Nobel ödüllü yazarımız Orhan Pamuk’un, Fransız gazetesi Libération’a verdiği söyleşideki sözlerinden öğrendim siyasettten ne kadar hoşlanmadığını. Oysa tam tersini düşünüyordum, demek yanılmışım. En azından Gezi Direnişi sırasında yaptığı açıklamalarında “gırtlağına” kadar siyaset yaptığını da bildiğim için, özellikle Erdoğan destekçiliği söz konusu olduğunda pek bir siyasi bulurdum kendisini. Ciddi olarak yanılmışım meğer. “Siyasetten hoşlanmıyorum” diyorsa hoşlanmıyordur gerçekten de. Koca romancı, yalan söyleyecek değil herhalde.

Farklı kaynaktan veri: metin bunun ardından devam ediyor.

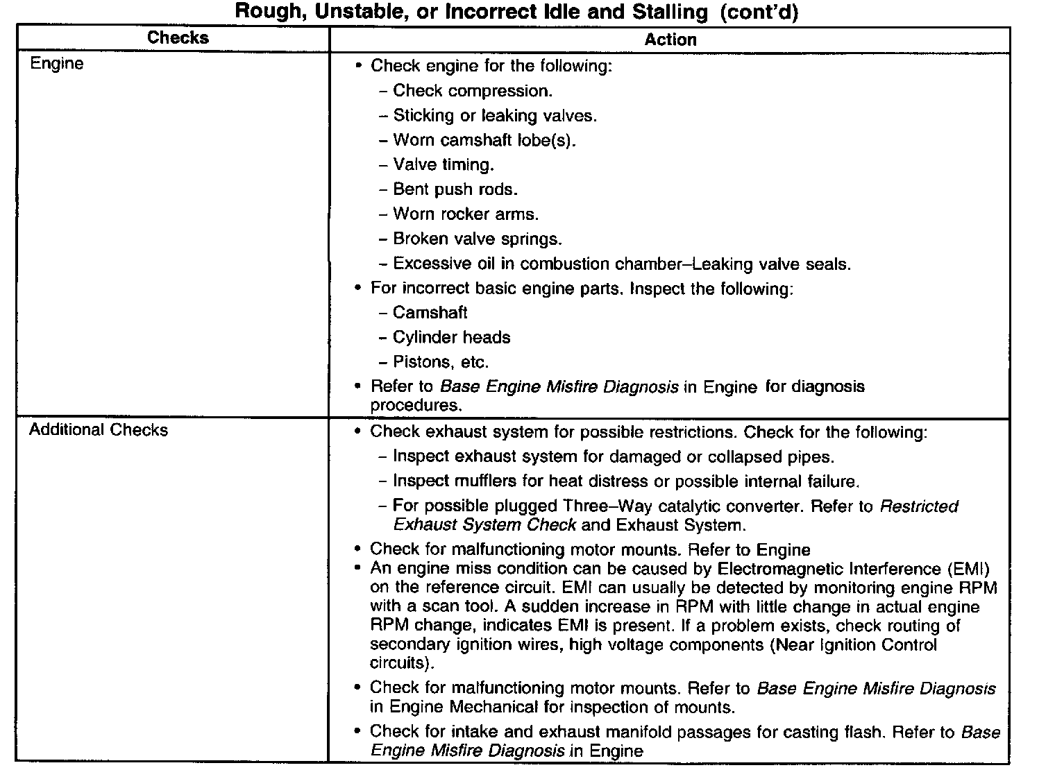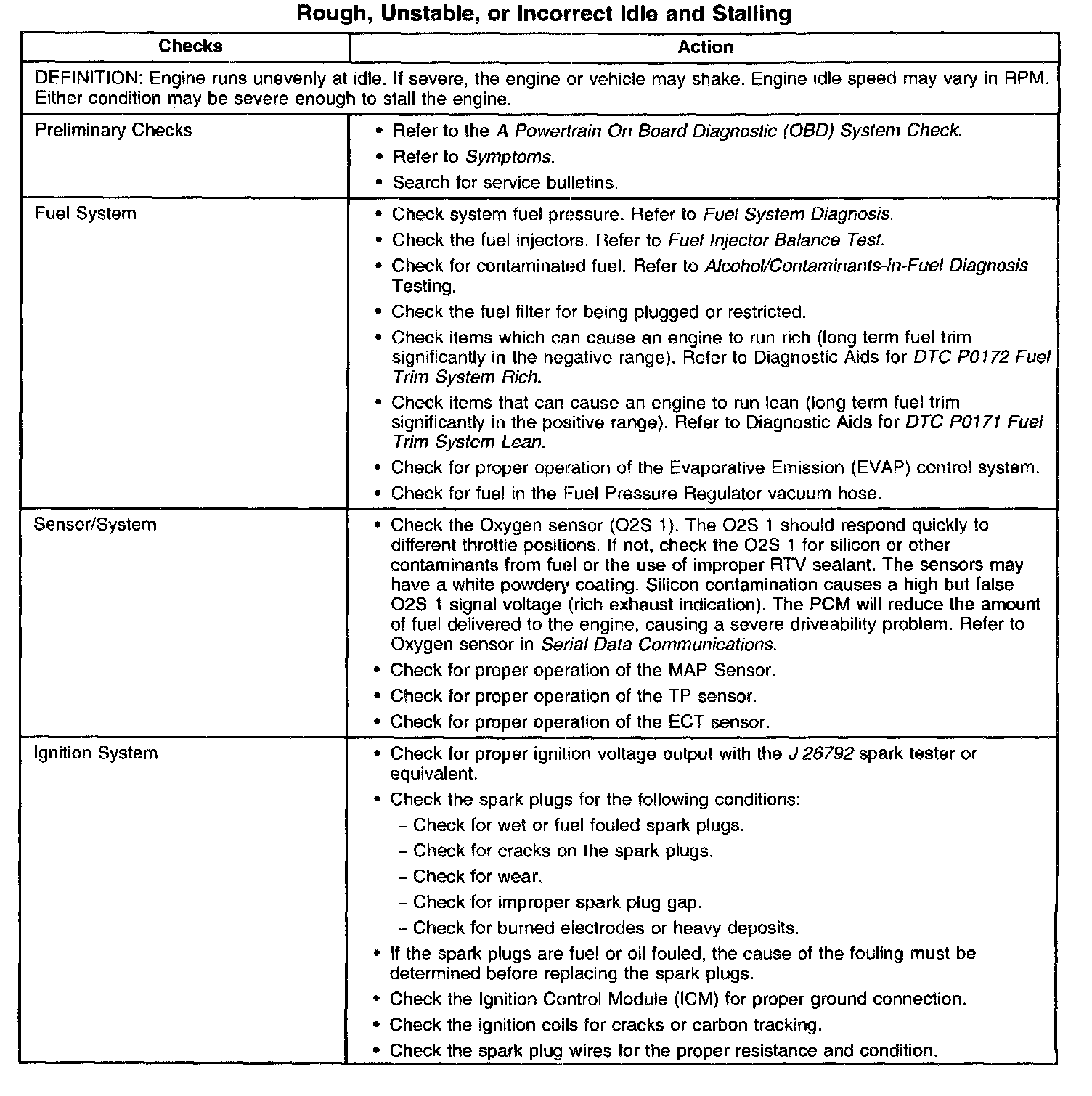 Rough, Unstable, or Incorrect Idle and Stalling

Liberation’daki söyleşide kendisine Erdoğan’ın sorulmasına “Altı yıl boyunca çalışıyorsun, 650 sayfa yazıyorsun ve ilk soru Erdoğan oluyor” sözleriyle tepki göstermesine hak vermeyi çok isterdim doğrusu. Ama böyle bir sorunun sorulması gereken zatlardan biridir Pamuk. Çünkü daha önce yaptığı bir dolu açıklamada Erdoğan hakkında görüş bildireceklerden biri olarak tanınmıştı bile çoktan, en az romancılığı kadar.

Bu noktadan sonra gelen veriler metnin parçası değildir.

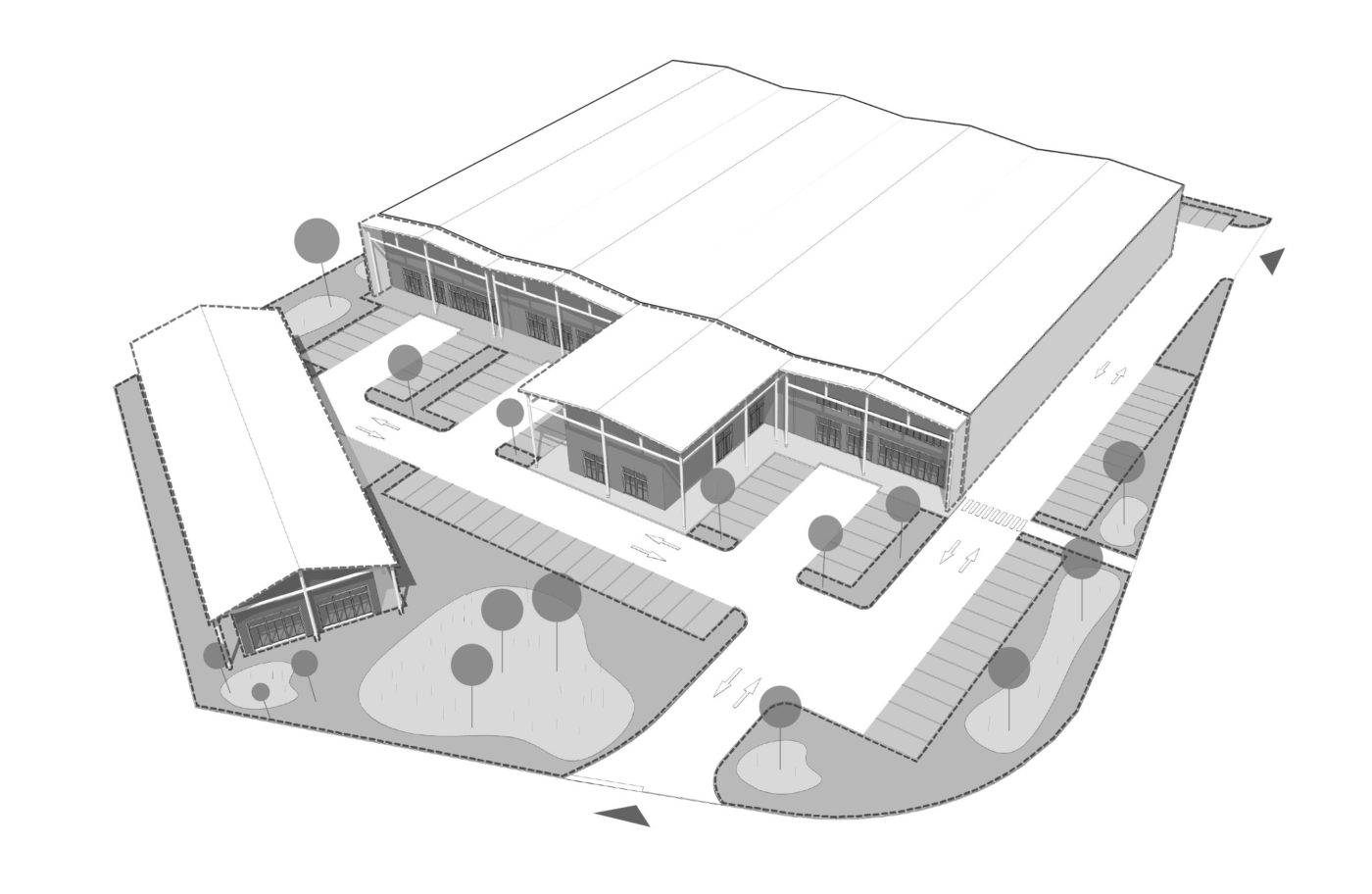 fonctionnement, tandis que les espaces extérieurs, notamment les aires de stationnement et
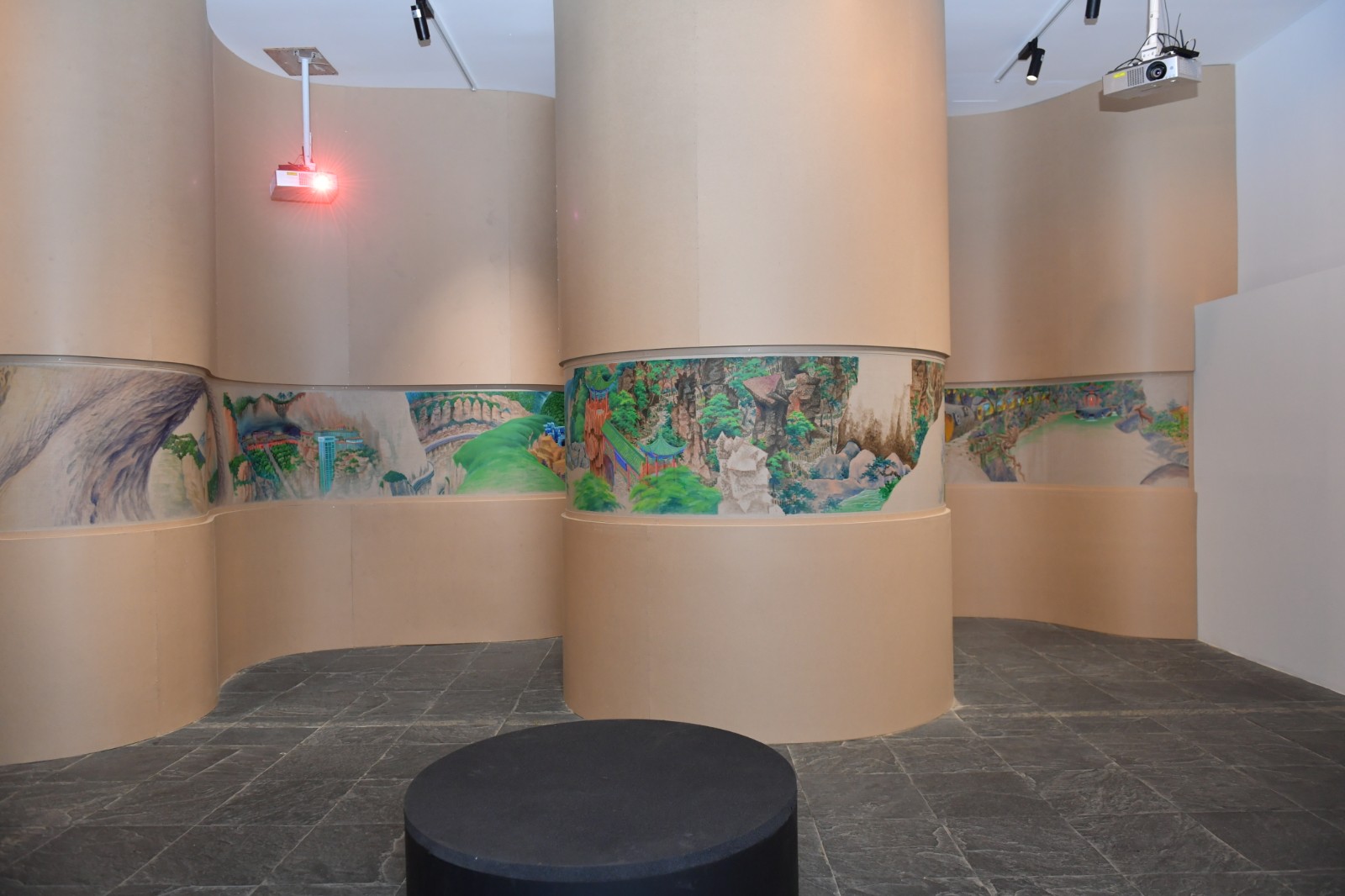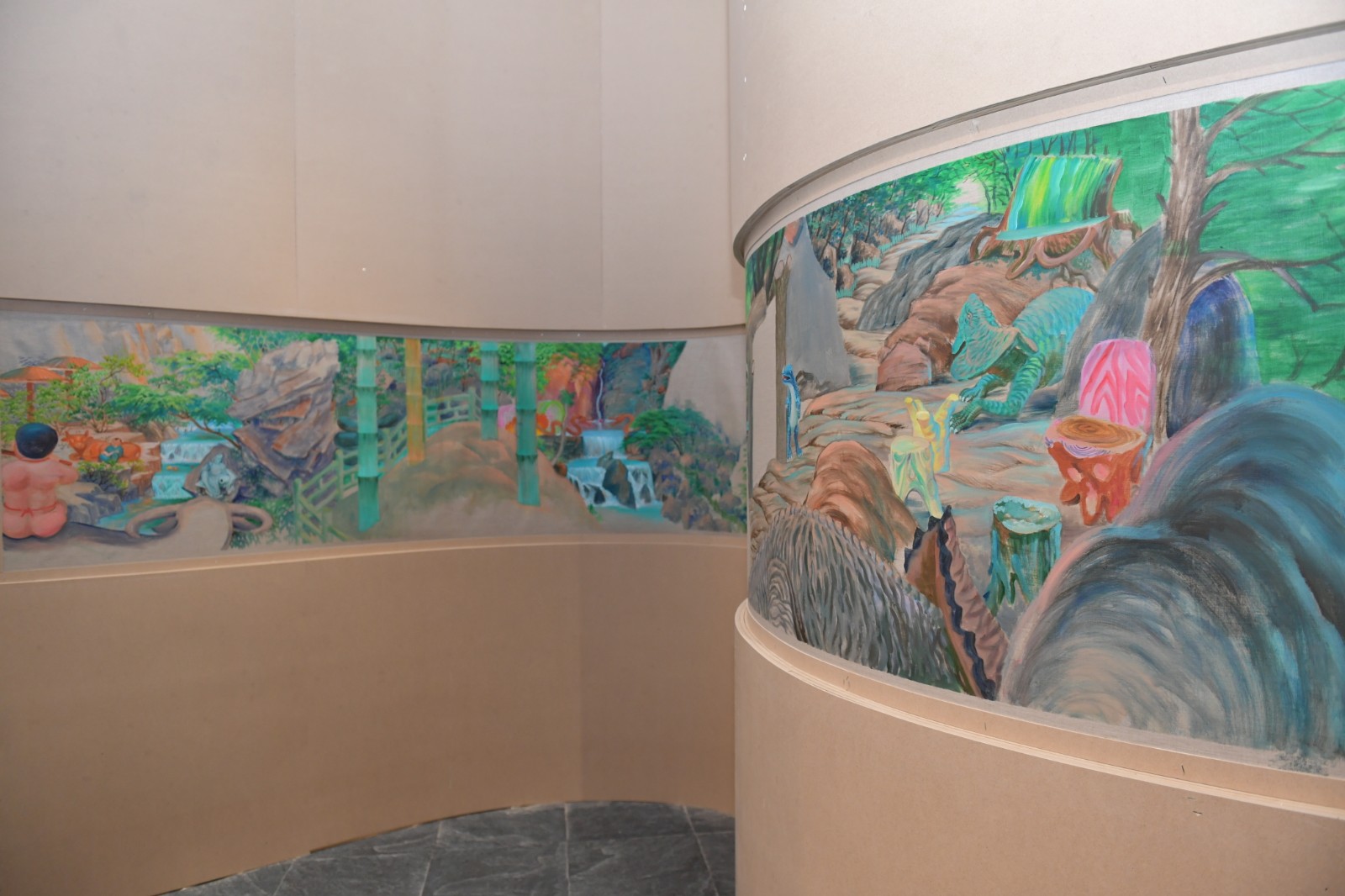 “地洞”一旁是展廳的下沉區(qū)域,這里被策展人設計為去往“桃花源”的實體路徑。梁碩的《景了個區(qū)》出現(xiàn)在這個下沉空間的一排四個口袋式的連續(xù)隔間墻面上,從空間上來說是無比契合的?;仡櫫捍T2019年在北京公社的展覽《梁碩:景區(qū)》同樣可以見到這樣一種迂回的觀展路徑?!熬皡^(qū)”這個概念的提出,在藝術家看來代表著今天人們對山水的理解,這個獨特的概念跨越了自然景觀與都市空間。梁碩在自己撰文的《景了個區(qū)》中復原了一個景區(qū)籌備建立起來的小故事,承包景區(qū)改造的劉工在工期接近尾聲時,看到自己的“杰作”時不由感嘆:“這些水泥造物,居然都妥妥的在那了,像是本來就是從山里長出來的,那巨大的假山石和假樹根顯得造型怪異,卻頗得陳老蓮氣韻,在落日的余暉中與真山融為一體,真山也像了假山……”[6]景區(qū)的建立勢必意味著人工、商業(yè)、消費對自然景觀的直接侵入與改造,空間、審美、意識形態(tài)等一系列問題由此發(fā)生。

Bilmiyorum 2003 yılında kaç sayfalık bir roman üzerinde kaç yıl uğraşıyordu ama Alman Die Welt gazetesine Erdoğan güzellemeleri yapacak zaman bulabilmişti: “Başbakan Recep Tayyip Erdoğan göreve geldikten sonra, Batı’ya karşı düşmanca bir tavır ortaya koymadı. Kendisinden öncekilerin aksine, Türkiye’yi AB’ye yakınlaştırmak için çok sayıda yasa çıkardı. Erdoğan’ın, asıl siyasi düşüncesini gizlediğini ve günün birinde Türkiye’yi tümüyle dinin kucağına atacağını sanmıyorum. Eskiden dinciler gibi bazı söylemleri vardı, ancak son 10 ay içinde gerçekleştirdiklerini, kendisinden öncekiler 10 yıl içinde başaramamışlardır”.

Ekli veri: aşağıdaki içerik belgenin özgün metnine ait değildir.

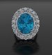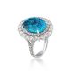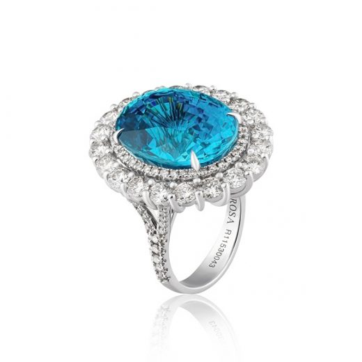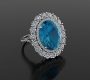 The ring is made of 750 white gold. Weight: 16.71 grams. Round cut diamonds 3.24 carats G-H/VS. 1 zircon cut oval 26.80 carats. Size: 54/17.
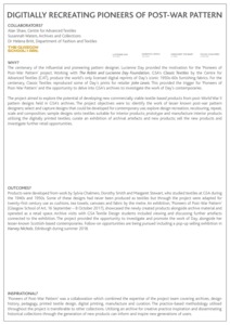 The Cloth: Fashion, Textiles and Art - Examining Intersecting Visual Practice, 1983-1987Britt, Helena (2018) The Cloth: Fashion, Textiles and Art - Examining Intersecting Visual Practice, 1983-1987. In: Fashion, Costume and Visual Cultures (FCVC 2018), 17-19 July 2018, University of Zagreb, Faculty of Textile Technology.Item availability may be restricted. |
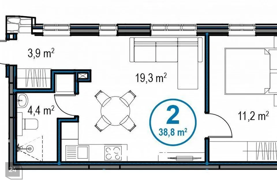 Paikneb elamu 1.korrusel, aknad on vaatega maja ette ja ühele küljele. Korter koosneb esikust, avatud köögiga elutoast, magamistoast ja tualett-duširuumist - üldpinnaga kokku 38,8 m2.
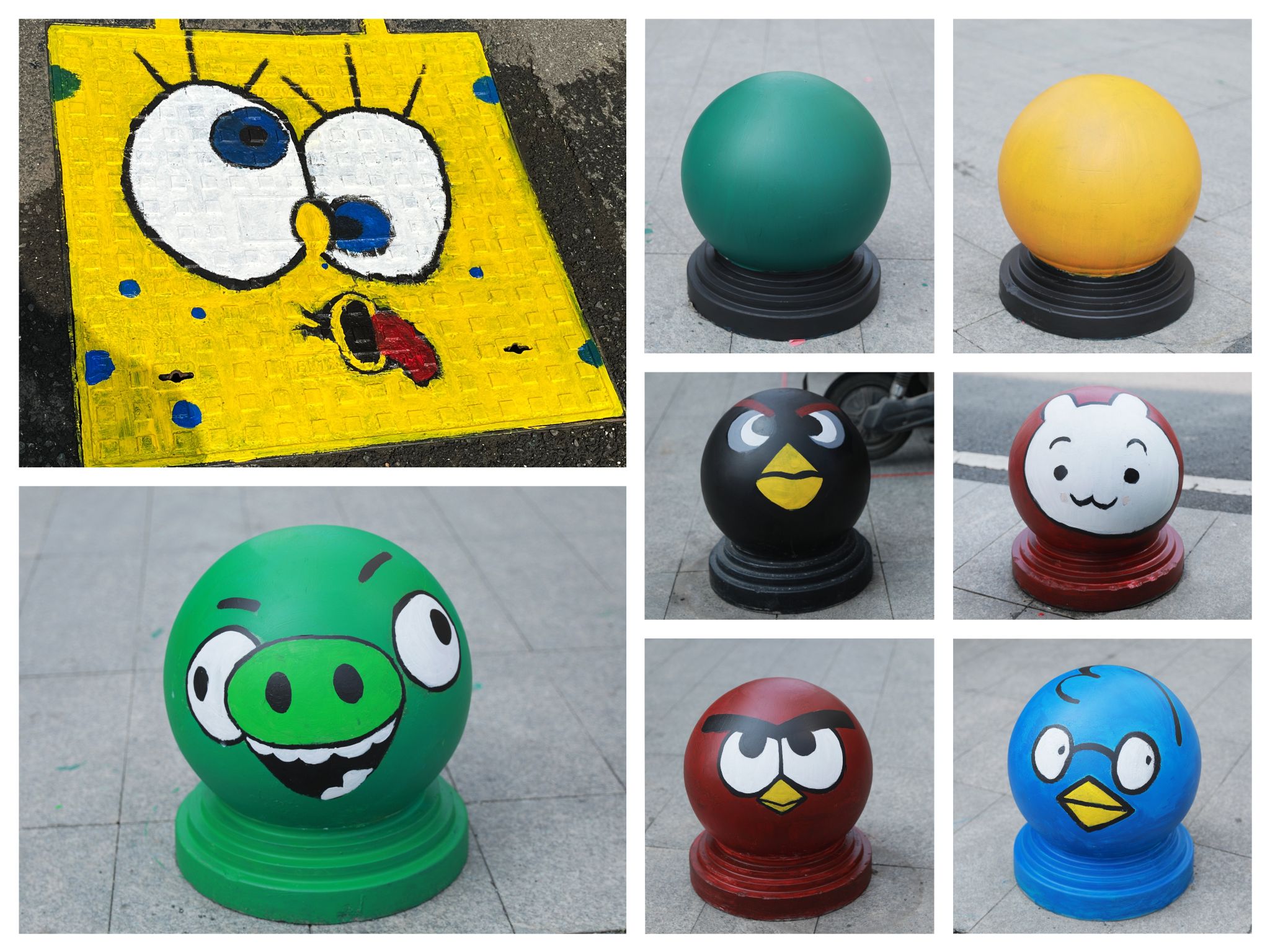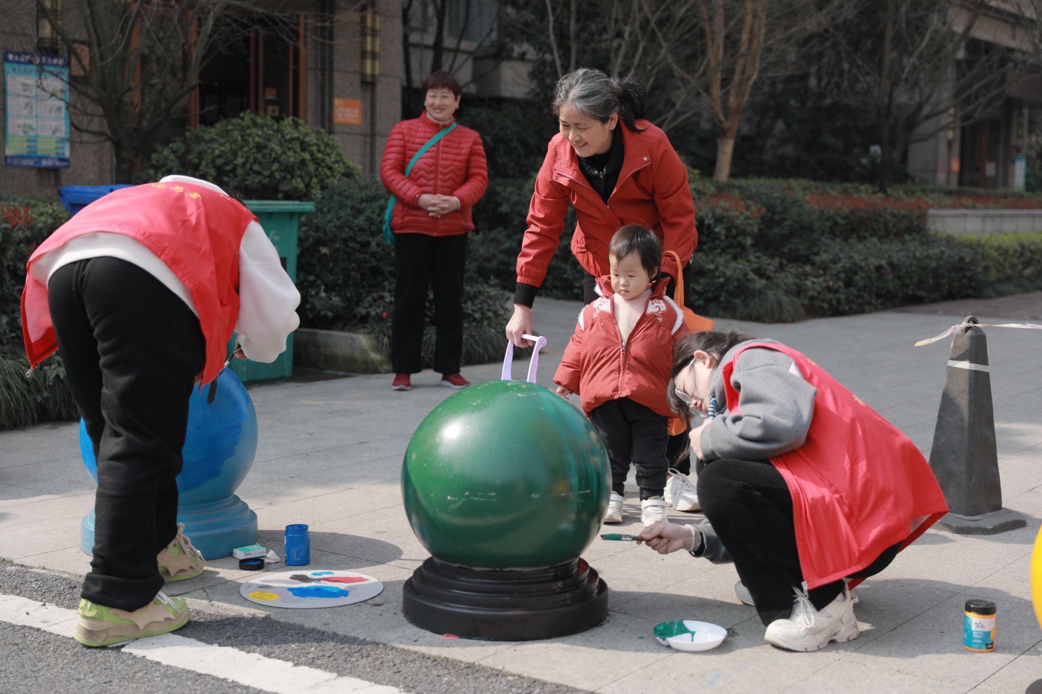 彩笔寄情,“井”上添花。在温暖的阳光下,同学们手持画笔,在调色盘中调出五彩的颜色,以石球、井盖为“画纸”,经过勾轮廓、刷底色、填色、修边等程序,绘制出了各色图案、花纹。每个环节都一丝不苟,一笔一画挥笔描墨,才思泉涌尽显井上。图样虽小,景致无穷。同学们绘制的过程中,许多居民带着孩子前来围观,感受艺术之美。经过志愿者的努力,原本平平无奇的石球和锈迹斑斑的井盖全都穿上了可爱是卡通“外衣”,焕然一新,成为了弘阳时光里小区春日里的新“井”色!

Yazdığı romanından başını kaldırıp, bu lafları ettikten sonra yeniden romanına döndüğü o mutlu zamanlarda ettiği laflar bunlar. O yıllarda roman yazmanın telaşıyla geleceği öngörememiş olabilir Pamuk. “Günün birinde Erdoğan’ın Türkiye’yi tümüyle dinin kucağına atacağını sanmıyorum” deyişini anımsadıysa eğer Liberation muhabiri Erdoğan’ı sormasın da ne yapsın şimdi?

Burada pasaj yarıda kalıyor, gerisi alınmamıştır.